OpenGL mobile graphics spec inches closer to desktop, laptop cousin

The Khronos Group has released the OpenGL ES 3.1 specification, bringing closer the day when handheld devices match mainstream desktops and laptops in graphics performance.

"The OpenGL family of APIs including OpenGL ES, OpenGL and WebGL have proven themselves as the foundation for 3D graphics on mobile devices, PCs and the Web," said Khronos Group president and Nvidia VP of mobile ecosystem Neal Trevett in a statement.

"This OpenGL ES release is yet another graphical milestone that will enable billions of users to experience new levels of realism and interactivity on pervasive, mainstream devices."

As its name implies, OpenGL ES (Embedded Systems) is a royalty-free standard, available to any and all developers who want to spruce up the graphics performance of their mobile apps. Version 3.1 adds a number of enhancements that programmers can port for use across a wide variety of handheld and embedded platforms.

The new spec continues the OpenGL ES working group's effort to move features down from the mainstream OpenGL 4.4 spec and into the rapidly expanding low-power space.

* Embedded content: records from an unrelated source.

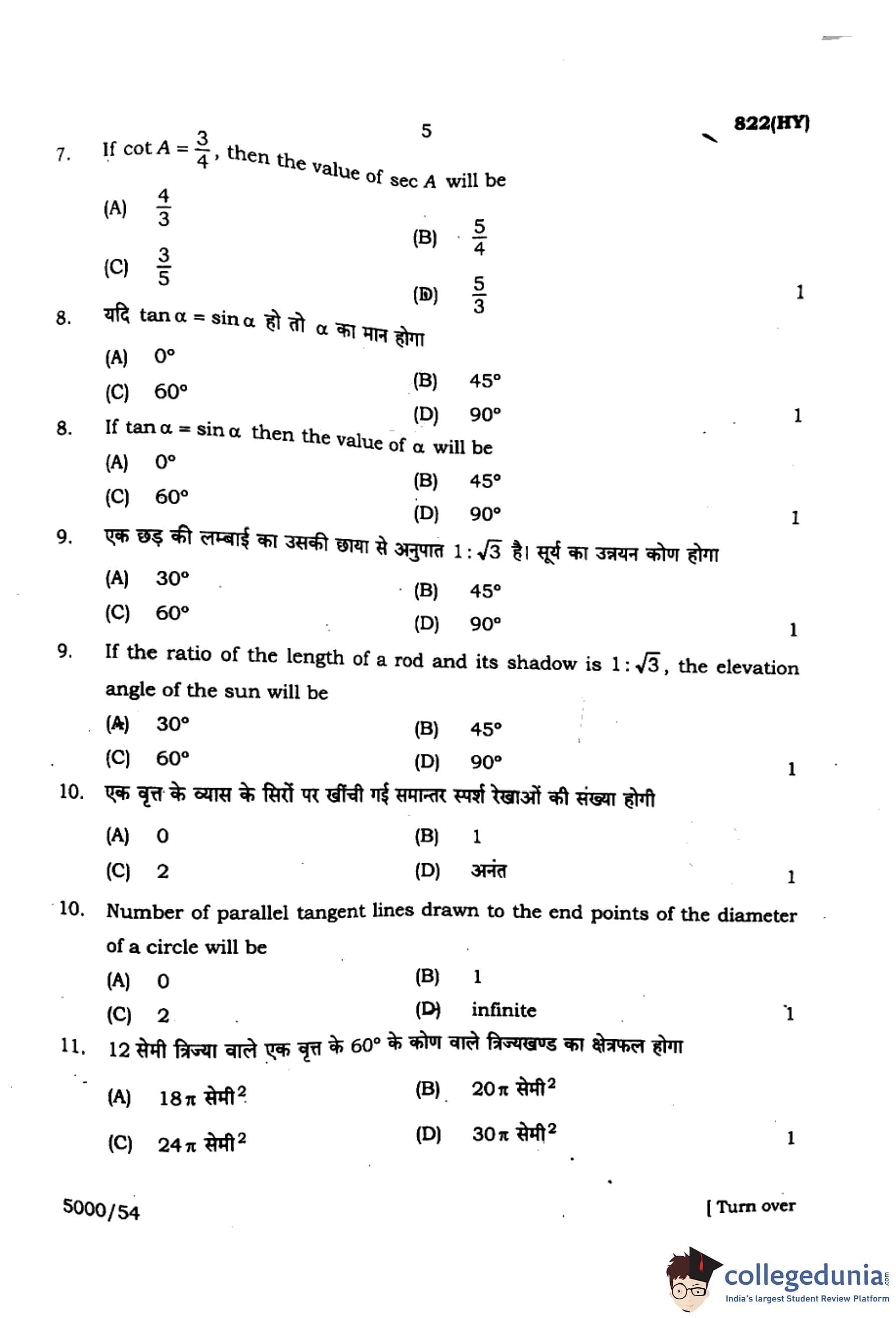 Hence, the value of \(\sec A\) is \(\dfrac{5}{4}\). Quick Tip: Remember: \(\cot A = \frac{Base}{Perpendicular}\) and \(\sec A = \frac{Hypotenuse}{Base}\).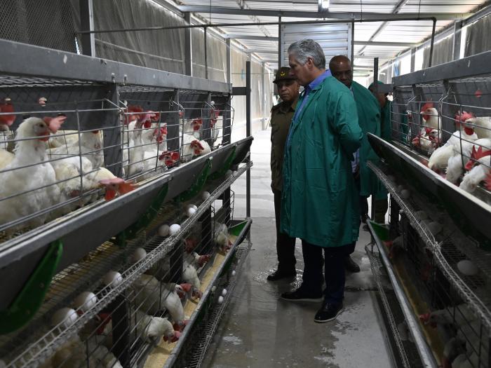O primeiro-coronel Victoriano Dimas Illana, diretor-geral da Empresa Militar Industrial, explicou ao chefe de Estado sobre as produções e serviços que prestam para a melhoria do sistema elétrico do país, com especial ênfase na manutenção e na reparação de equipamento em várias usinas termelétricas; também no abastecimento de água, com a reparação de máquinas de bombeamento em todas as províncias; bem como a produção de coberturas leves de telhados: mais de 60% delas destinadas no último ano à recuperação em Pinar del Río, após a passagem do furacão Ian.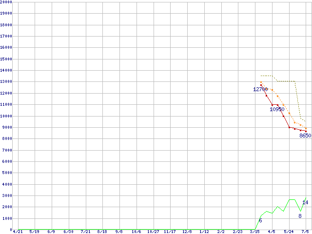 0S03509 (1TB,8MB)の価格推移↑前グラフ↓次グラフ(2011年4月21日〜2012年7月5日)※このグラフは過去のデータも税率5%相当に調整した税込み相当額のグラフです。●関連グラフHDD/SSD主要製品の最安値推移HDD/SSD主要製品(最安値1万円未満)の最安値推移HDD 1TB〜1.5TB未満の最安値推移TRAVELSTAR (5400rpm,3Gb/s,2.5インチ)の最安値推移●凡例最安値(点線部は販売店未確認または未調査)平均値最高値ショップ数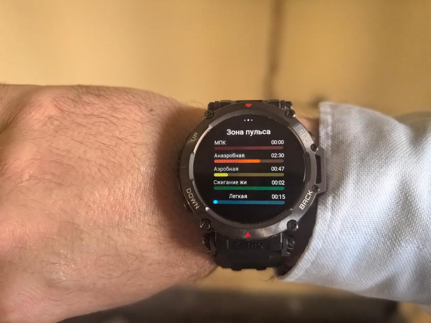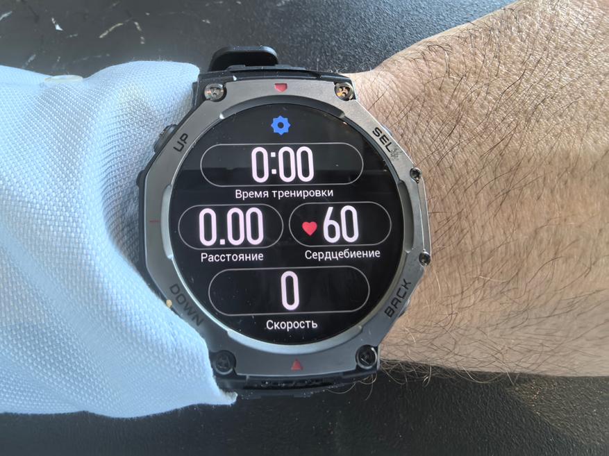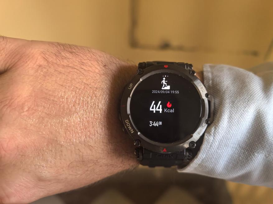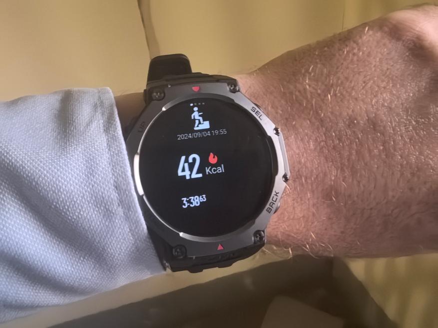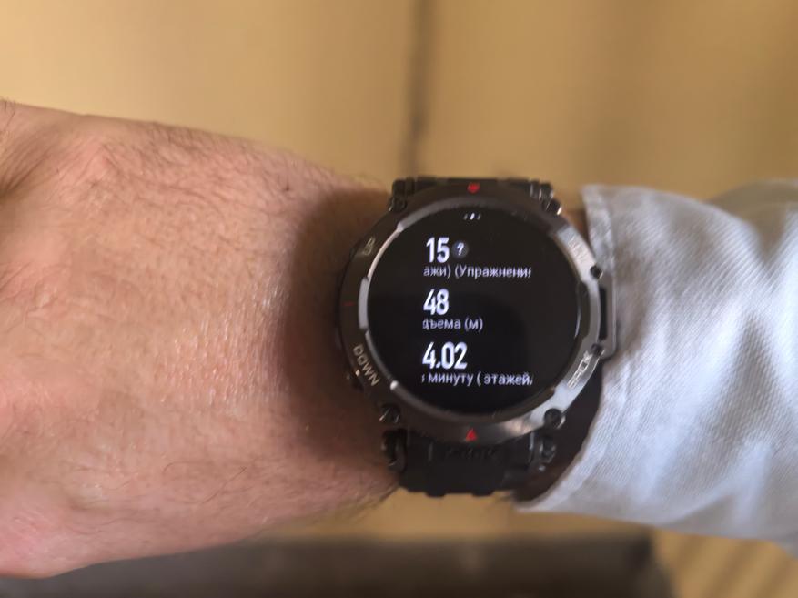 Спортивных режимов всего 177 шт. Они разделены на категории: «Бег и ходьба» (8 тренировок), «Велосипедная езда» (11), «Плавание» (4, в бассейне, на открытой воде, скоростное подводное, синхронное), «Тренировки на улице» (11), «Тренировки в помещении» (27), «Танцы» (16), «Единоборства» (12), «Игры с мясом» (33), «Водные виды спорта» (13), «Зимние виды спорта» (13), «Экстремальные виды спорта» (3, парапланеризм, вингсьют полет, прыжки с парашютом), «Рекреационные» (12), «Настольные и карточные игры» (5), «Ныряние» (3, в водоеме до 45 м, в бассейне, подводная рыбалка), «Другие виды спорта» (7, триатлон, многоборье, подъем по лестнице и др.). Из поддержки спортивных тренировок, в T-Rex 3 можно плавать, нырять, но нельзя подвергать резкому перепаду давления и выходить из жары сразу в холод, так как резкие скачки температуры вредны не только технике, но и человеку. Для меня один из интересных спортов — это «Подъем по лестнице». В рамках дневной статистики часы показывают количество пройденных этажей и считают их при занятии соответствующим спортом.

"OpenGL ES 3.1 provides the most desired features of desktop OpenGL 4.4 in a form suitable for mobile devices, the working group's chair Tom Olson said. "It provides developers with the ability to use cutting-edge graphics techniques on devices that are shipping today."

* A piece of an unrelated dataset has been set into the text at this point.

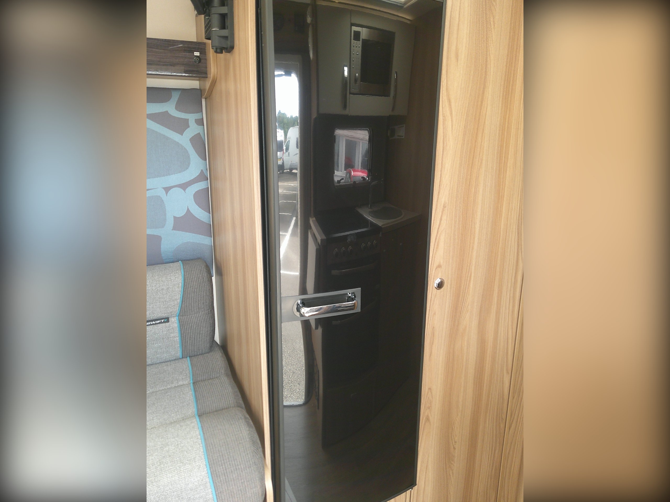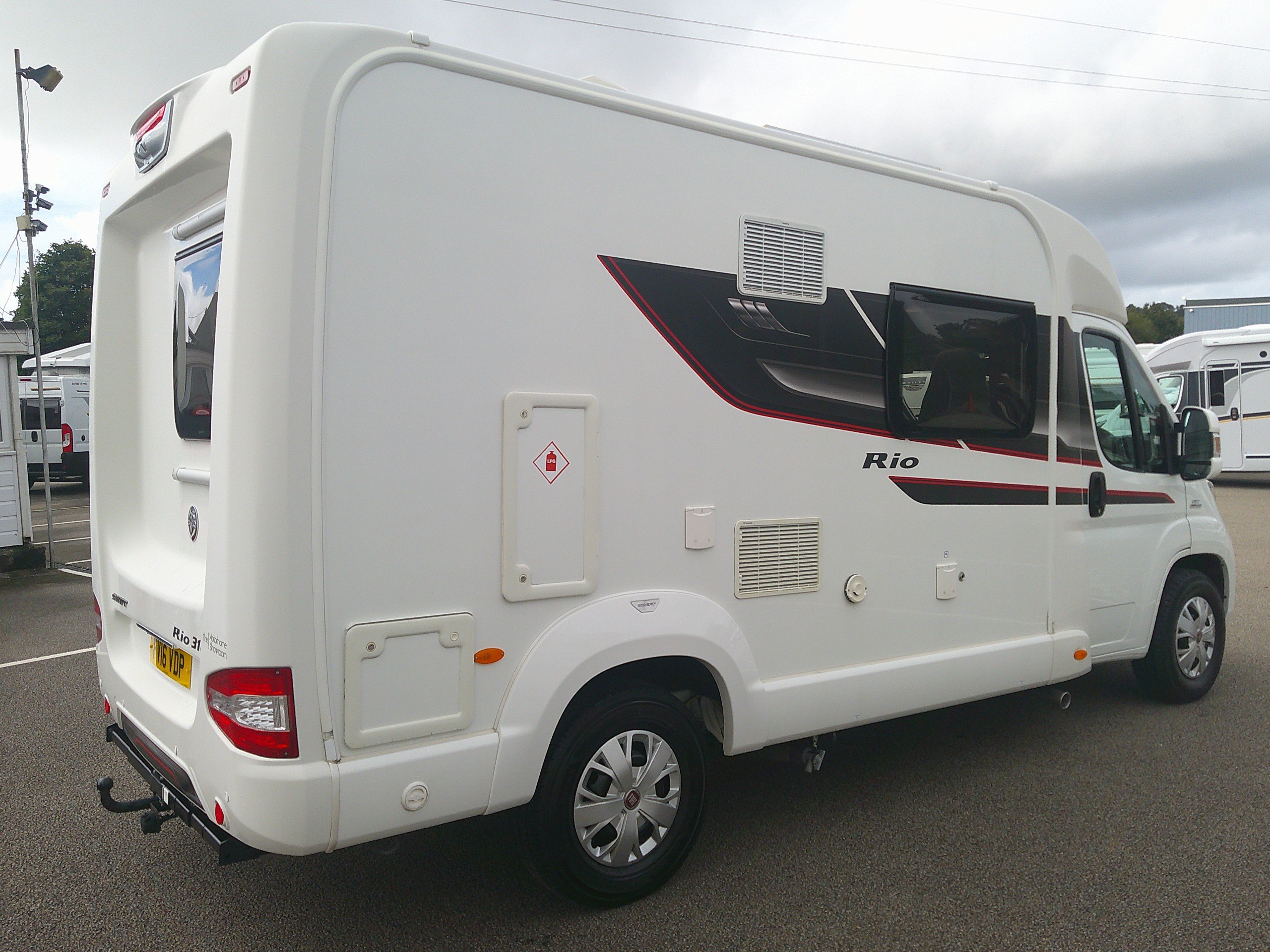 This 2 berth Swift Rio 310 is based on the 130BHP Fiat chassis. The layout consists of an end bathroom, kitchen, front lounge, swivel cab seats. The spec consists of heating, hot water, oven/hob and grill, 3 way fridge, blinds and flyscreens, solar panels, TV aerial, rev camera, BBQ point, leisure battery. -

From the release announcement, the key features of the OpenGL ES 3.1 specification include:

• Compute shaders – applications can use the GPU to perform general computing tasks, tightly coupled with graphics rendering. Compute shaders are written in the GLSL ES shading language, and can share data with the graphics pipeline;
• Separate shader objects – applications can program the vertex and fragment shader stages of the GPU independently, and can mix and match vertex and fragment programs without an explicit linking step;
• Indirect draw commands – the GPU can be instructed to take draw commands from its memory rather than waiting for commands from the CPU. For example, this allows a compute shader running on the GPU to perform a physics simulation and then generate the draw commands needed to display the results, without CPU intervention;
• Enhanced texturing functionality – including multisample textures, stencil textures, and texture gather;
• Shading language improvements – new arithmetic and bitfield operations, and features to enable modern styles of shader programming;
• Optional extensions – per-sample shading, advanced blending modes, and more;
• Backward compatibility with OpenGL ES 2.0 and 3.0 – programmers can add ES 3.1 functionality incrementally to working ES 2.0 and 3.0 applications.

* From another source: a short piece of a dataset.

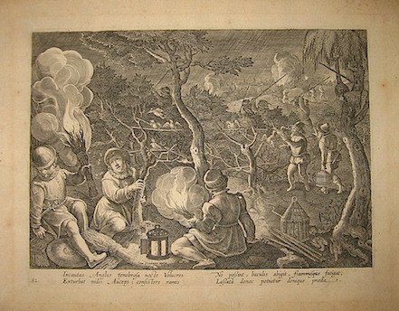 Incisione originale su rame (cm. 26,5x20 più ampi margini) da un disegno di Jan Van Der Straet (Giovanni Stradano) tratta dall’opera ‘Venationes Ferarum, Avium, Piscium.’. Carta filigranata. Ottimo esemplare. Cfr. Baroni Vannucci, p. 371.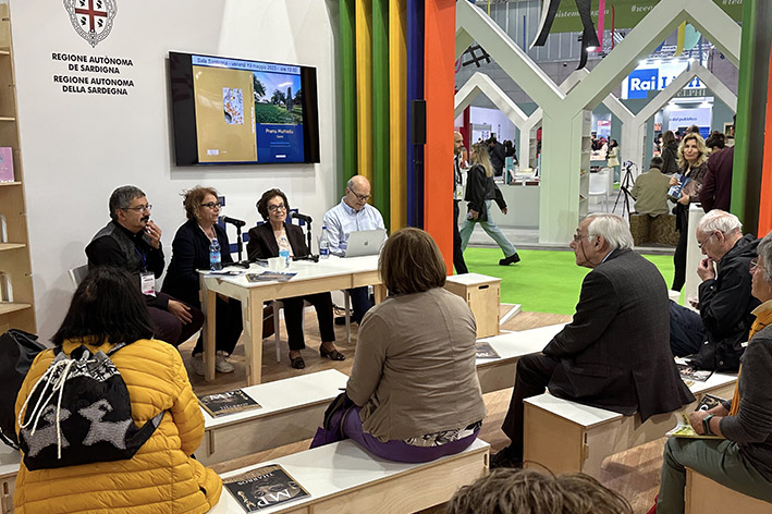 Proseguono intanto gli eventi nello stand istituzionale della Regione Sardegna, per la maggior parte curati dagli editori sardi, presenti al Lingotto anche con un proprio stand grazie al sostegno della Fondazione di Sardegna. In primo piano l’archeologia con il libro “Domus de janas, arte e religione nelle tombe ipogeiche della Sardegna preistorica” (Carlo Delfino editore), curato dall’archeologo Alberto Moravetti con le fotografie di Nicola Castangia. Moravetti ha tracciato la storia degli studi che hanno interessato le “domus” dai primi pioneristici lavori all’intensificarsi degli scavi degli ultimi cinquant’anni. La sala Sardegna ha inoltre ospitato la presentazione della prima di una serie di guide archeoastronomiche in italiano e inglese – disponibile anche nella versione bilingue sardo e inglese – edita da Mediando e dedicata al sito di Pranu Muttedu a Goni. Il volume indaga sugli orientamenti astronomici dei monumenti legati agli equinozi e solstizi: con Giuseppa Tanda hanno discusso sul tema Simonetta Castia per l’editrice Mediando, Michele Forteleoni della Società astronomica turritana e l’astrofisico Alberto Cora, approfondendo il simbolismo delle popolazioni preistoriche nella collocazione di pietre infitte e aree cultuali connesse al calendario e al moto dei pianeti. Con “I giganti di Mont’e Prama” (Carlo Delfino), degli archeologi Raimondo Zucca e Giacomo Paglietti, si raccontano le scoperte che dagli anni Settanta hanno portato alla luce le affascinanti statue nella zona di Cabras: un’area funeraria i cui misteri sono ancora da chiarire, come ha spiegato l’archeologo Giorgio Murru presentando il volume. Così come c’è molto da scoprire anche nell’area di Fusti ‘e Carta, nei pressi di Tertenia, nel volume “Sulle strade d’Ogliastra” (Taphros) di Paola Mancini, che illustra la storia di un sito che ha resistito per un millennio, dal IV secolo avanti Cristo al VI dopo Cristo, scoperto per caso durante i lavori di realizzazione dell’Orientale sarda: alla presentazione, oltre all’autrice, sono intervenuti il soprintendente ai beni archeologici di Sassari e Nuoro Bruno Billeci e il responsabile della Struttura territoriale Anas Sardegna Francesco Ruocco.

The Khronos Group's announcement lacks specifics about exactly which mobile and embedded GPUs are capable of taking advantage of its enhancements, but a glance at some of the quotes in the press release provides hints. ARM's VP of technology Jem Davies weighed in, for example, so it's a mortal lock that the Mali IP will be supported.

Imagination Technologies marketing headman Tony King-Smith also had good things to say about "the full feature set of OpenGL ES 3.1," so you can click the checkbox next to his company's Rogue architecture, as well.

Qualcomm senior director of product management Tim Leland's positive comments indicate that Adreno will join the party, and Nvidia's director of mobile graphics Barthold Lichtenbelt was quite specific. "The Nvidia Tegra K1 processor brings desktop graphics capabilities to mobile and can naturally support OpenGL ES 3.1 as well as full desktop OpenGL 4.4," he said – count Kepler as a player, as well.

The full OpenGL ES 3.1 specification is available now at the Khronos OpenGL ES Registry, as are the OpenGL ES 3.1 Reference Pages. ®